That's some very nice proscuitti!

Quickly now, so the finished book doesn’t languish in one of my slippery piles under my desk, a post about Michael Pollan’s Omnivore’s Dilemma.

I have two words for you: READ IT.

I am admittedly, the kind of person who buys ten copies of a new favorite book to give to everybody at Christmas (blogging is much more cost-effective), but this book – I have to find a new way to gush – is not only entertainingly written and meticulously researched (the guy teaches journalism at UC Berkeley), but it also tells you loads of information you feel you should have already known. LOADS.

Pollan follows four meals (his own – not too much preaching here, as he starts with by eating at McDonald’s) backwards to whence they came. The first meal is the quintessential fast food meal for four, eaten while hurtling down the freeway; the second is corporate organic; the third is grassfed organic (hurray for Polyface Farms!); and the last is one entirely hunted, foraged, and grown by Pollan himself.

And all so well-written that it reads like a fiction mystery thriller.

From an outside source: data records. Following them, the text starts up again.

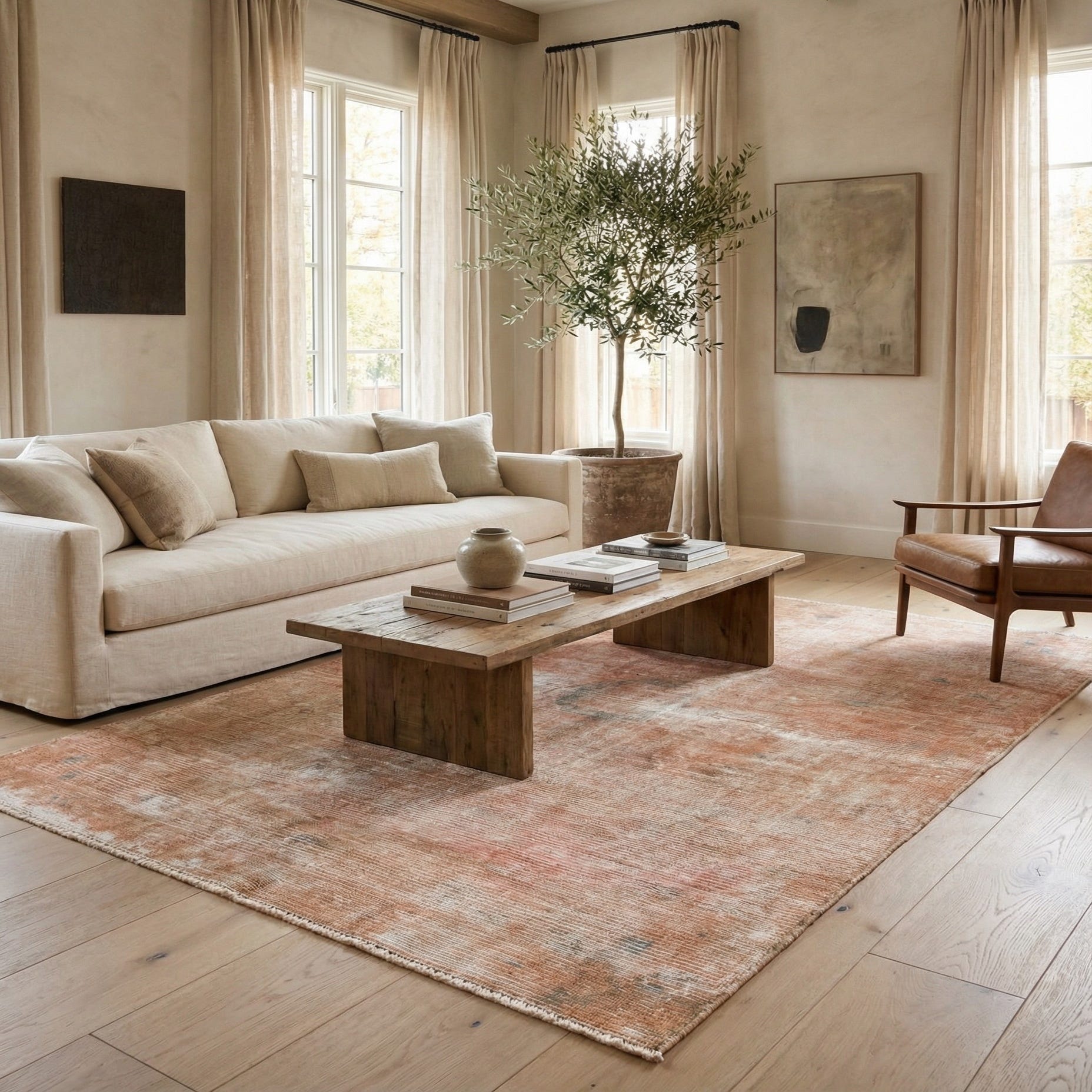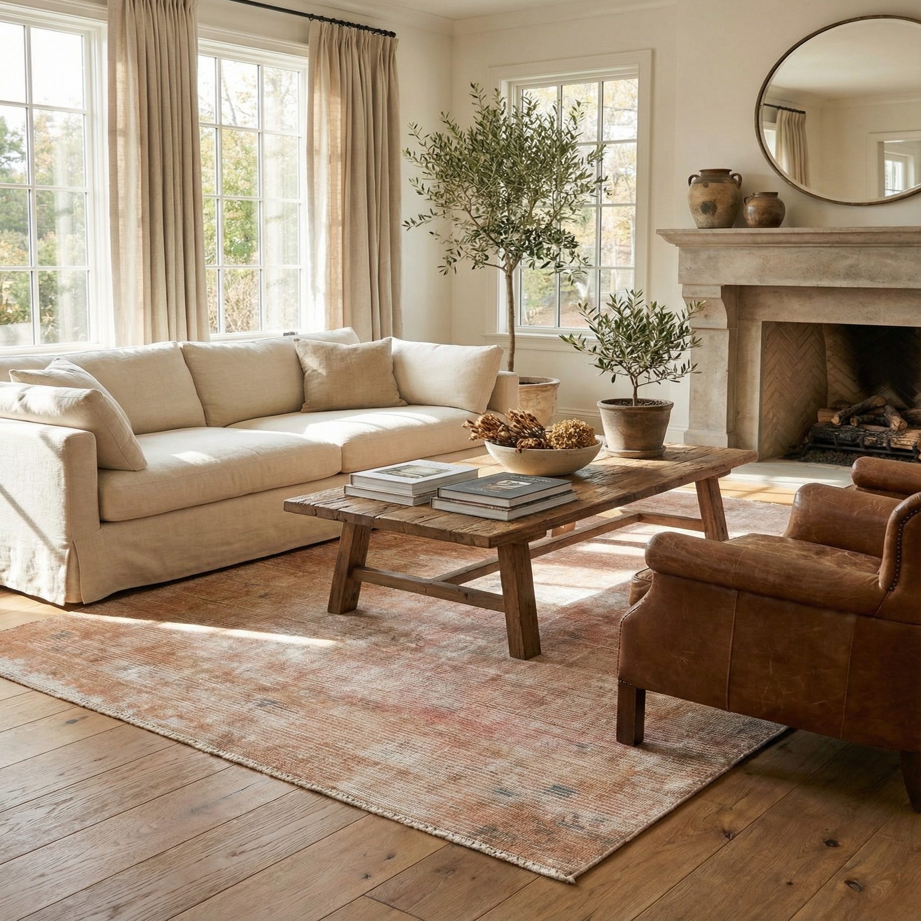 This rug would be well-suited to a variety of decor settings. The subdued colors and vintage pattern make it a versatile option for spaces with an antique or rustic vibe, yet it could equally serve as a counterpoint in a more contemporary room where it would add warmth and textural interest. In either traditional or modern environments, this piece could serve as a sophisticated foundation in living rooms, studies, or bedrooms where its artisanal qualities and gentle hues would complement a range of furniture and decorative accents.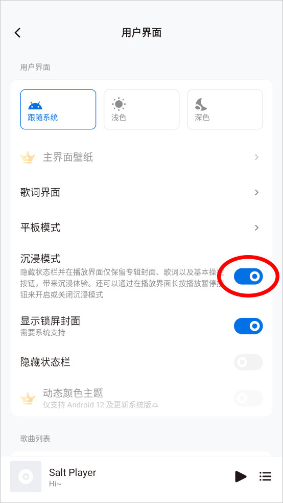4、在用户界面设置中,找到沉浸模式,点击后面的开关按钮,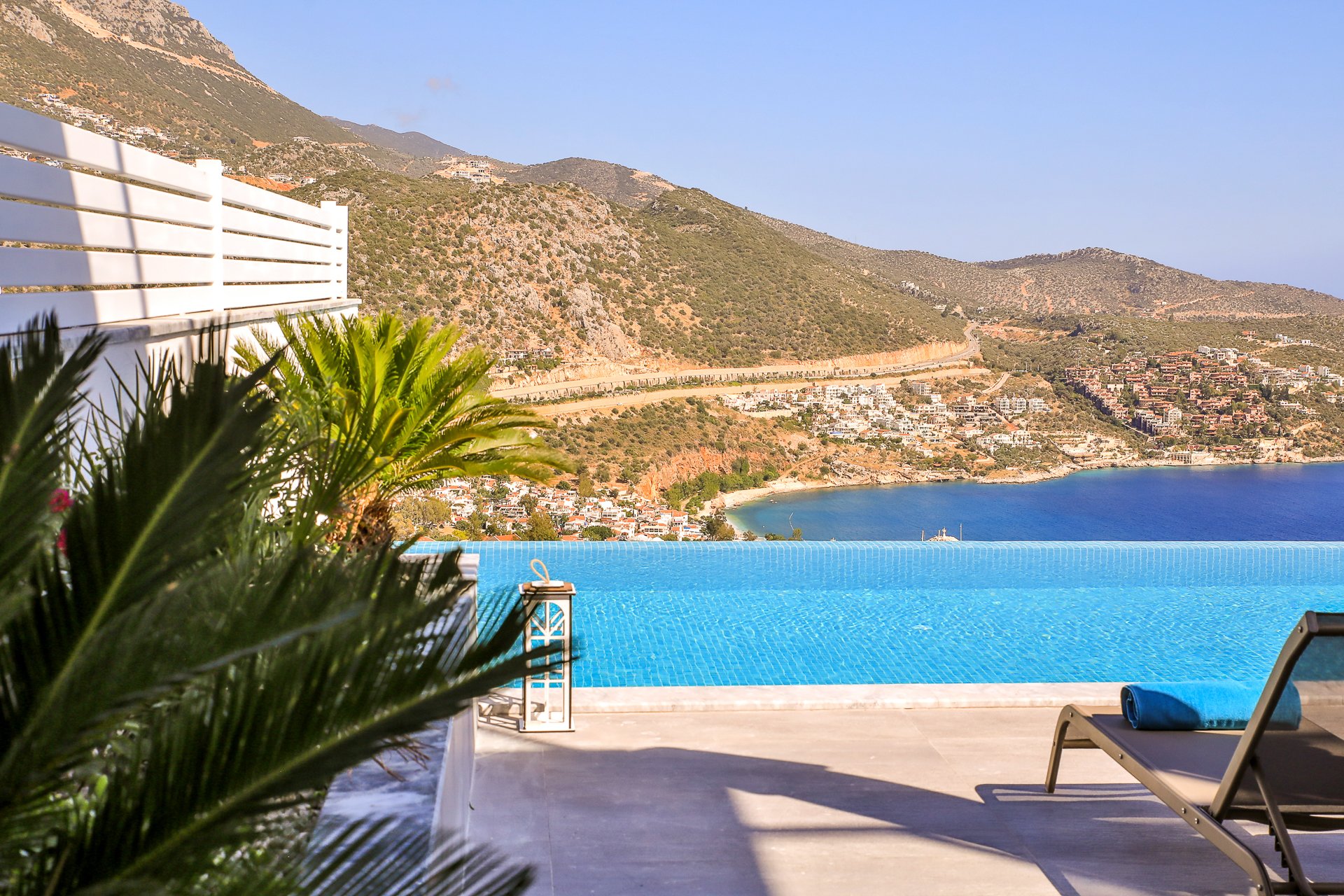 Situated in an elevated position behind beautiful olive groves, the villa provides uninterrupted views of the sea, town, and mountains. It is conveniently located a 15-minute walk from Kalkan center.

And you don’t have to be a foodie to enjoy this kind of fiction, although it helps if the fact that they are eating terrine of lobster and halibut en gelee while out hunting for wild pig makes you smile.

Aside from the one tedious (but, I agree, necessary) chapter on the ethics of eating animals (and again, so satisfyingly well- researched: he goes straight to the granddaddies of animal activists), each chapter is more riveting than the one that precedes it. I mean this guy hunts down and shoots a wild (big!) boar right here in California, and he’d never shot a gun before researching writing this book. He tells me everything about hunting I’d ever wanted to know, from the perspective of a guy who didn’t think he’d ever be a hunter.

A few nuggets I pulled from this book:

My CSA basket is the best thing I do. Fast food is one of the worst. Corporate organic and even shopping at Whole Foods is not really all that. If I’m going to eat meat, I need to look for grass-fed beef. I want to visit Polyface Farms next time I’m on the East Coast.

P.S. My post title is from Angelo, Pollan’s wild food mentor – it’s what Angelo says when Pollan bags his first wild pig.